I'm Adam Lewis


👋 Hi, I'm a PhD Data Scientist currently at OpenTeams (formerly at Quansight) where I perform a wide range of data science tasks to meet our clients' needs. I've created algorithms enabling targeted advertising based on 50+ TB of geospatial data. I've created training material demonstrating Dask, DaskML, and distributed hyperparameter tuning on out of memory datasets. I've also created an optical character recognition pipeline reducing manual entry of business data by 70%.

🎓 Before I joined Quansight, I got my PhD at The University of Texas at Austin where I analyzed terabytes of multimodal imaging data taken from an industrial 3D printing process using Python and Java to detect in-situ defects via aggregation, registration, and visualization.

🌟 Outside of data science I enjoy disc golf 🥏, hiking 🥾, tennis 🎾, traveling ✈️, and I'm always up for a good board game. Check out my social media for more info!

📝 Recent Posts

What I Learned Making a Local LLM Do Real Work

April 09, 2026

What I Learned Making a Local LLM Do Real Work

In my previous post, I described building an AI agent for Harvest time tracking using Pydantic AI — driven partly by security concerns with the skill-based approach. The agent worked perfectly with Claude. Then I tried running it locally.

It added a time entry on Tuesday instead of Monday. When I asked it to fix that, it added the Monday entry but forgot to delete the Tuesday one. This wasn’t a damning verdict on local models — but it was a useful lesson about where to invest your time when building agents.

Going Local

Why run locally? Partly practical — no API costs, no data leaving my machine. But honestly, partly just for fun. The dream of doing everything locally without worrying about privacy or third-party dependencies is appealing, even if it’s not strictly necessary for a time-tracking tool.

I’d already been experimenting with running models locally for coding tasks, which I wrote about previously. Since then, llama.cpp has added built-in router mode — you run a single server process that auto-loads and unloads models on demand based on the model field in your API request. With --models-max 1 it evicts the current model when you request a different one, which works well for my setup with an RTX 3060 12GB where only one large model fits in VRAM at a time.

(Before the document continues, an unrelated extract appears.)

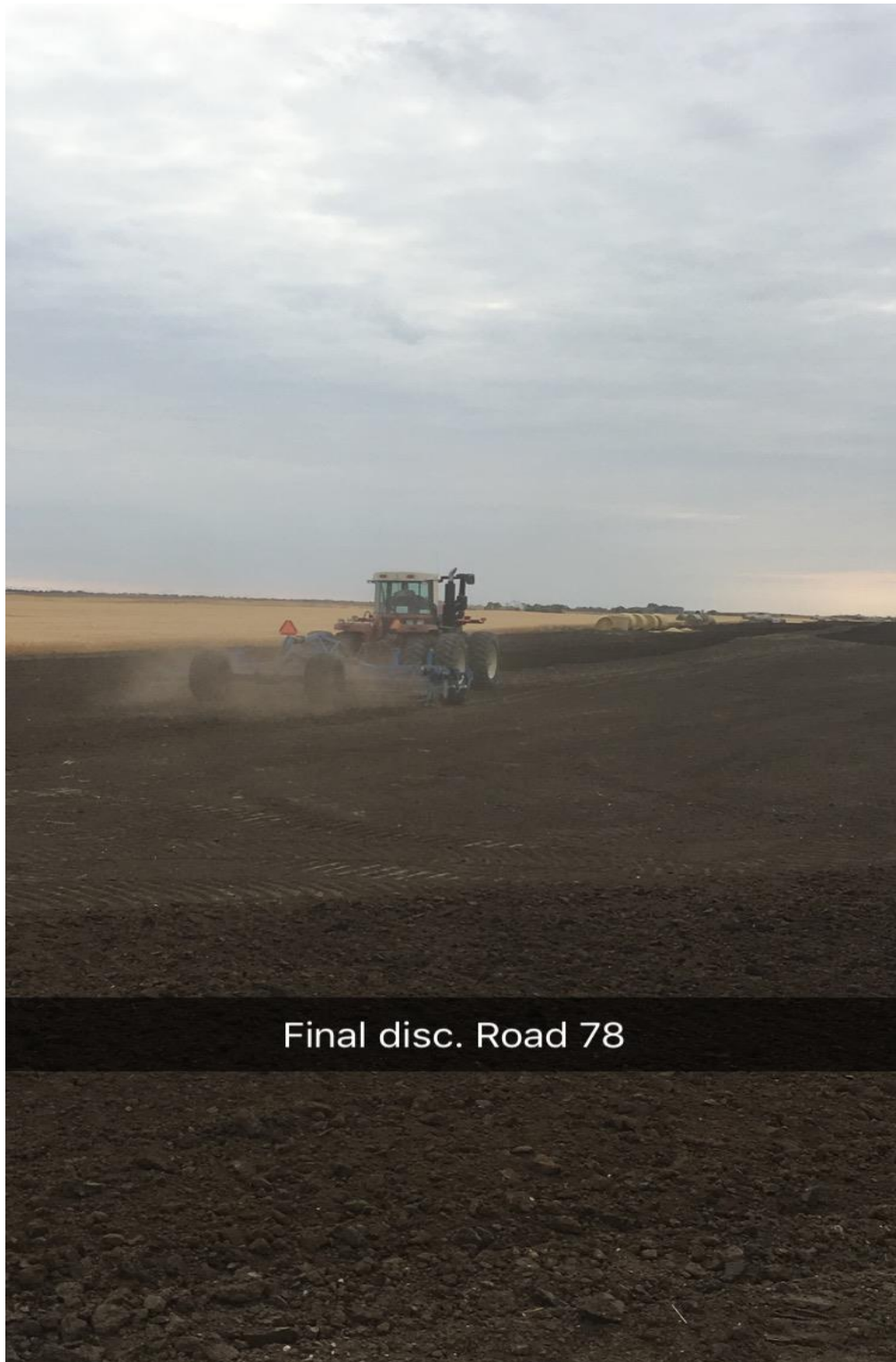
Final disc. Road 78

My first test model was Qwen3-Coder-Next — 80B total parameters but only 3B active per token (it’s a Mixture-of-Experts model with 512 experts, 10 selected per token). I was using the Q4_K_M quantization, about 46GB on disk. It’s built for coding tasks, not calendar math and time-tracking. So it wasn’t exactly a fair fight from the start, and the quantization may have further degraded its reasoning on this kind of task.

Where Things Went Wrong

I want to be careful here — this isn’t a story about local models being bad. Local models can be very good, and they’re getting better fast. GLM-5.1, for example, is a 754B parameter model with reportedly near-Opus 4.6 capability under an MIT license. The fact that you can self-host something at that level at all is incredible, even if you need serious hardware to run it.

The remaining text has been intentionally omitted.